Assume the coasting is an infinite straight line. Land is in one side of coasting, sea in the other. Each small island is a point locating in the sea side. And any radar installation, locating on the coasting, can only cover d distance, so an island in the sea can be covered by a radius installation, if the distance between them is at most d.
We use Cartesian coordinate system, defining the coasting is the x-axis.
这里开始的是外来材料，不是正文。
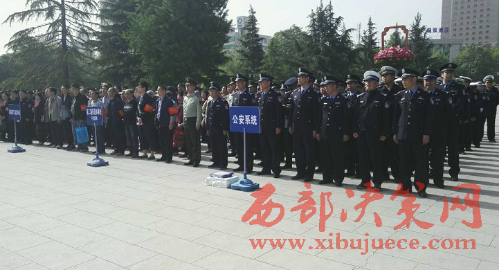 西部決策網(wǎng)-西部大開(kāi)發(fā)訊(帥華鋒 杜杰)5月6日上午,渭濱區(qū)在炎帝園廣場(chǎng)隆重舉行打造“經(jīng)二路平安示范一條街” 夏季攻堅(jiān)行動(dòng)推進(jìn)會(huì),市委政法委及區(qū)委、區(qū)人大、區(qū)政府、區(qū)政協(xié)相關(guān)領(lǐng)導(dǎo)出席現(xiàn)場(chǎng),公安、執(zhí)法、區(qū)級(jí)部門(mén)、平安單位、社區(qū)志愿者組成五個(gè)方陣共300余人參加會(huì)議。

The sea side is above x-axis, and the land side below. Given the position of each island in the sea, and given the distance of the coverage of the radar installation, your task is to write a program to find the minimal number of radar installations to cover all the islands. Note that the position of an island is represented by its x-y coordinates.
Figure A Sample Input of Radar Installations
Input
The input consists of several test cases. The first line of each case contains two integers n (1<=n<=1000) and d, where n is the number of islands in the sea and d is the distance of coverage of the radar installation. This is followed by n lines each containing two integers representing the coordinate of the position of each island. Then a blank line follows to separate the cases.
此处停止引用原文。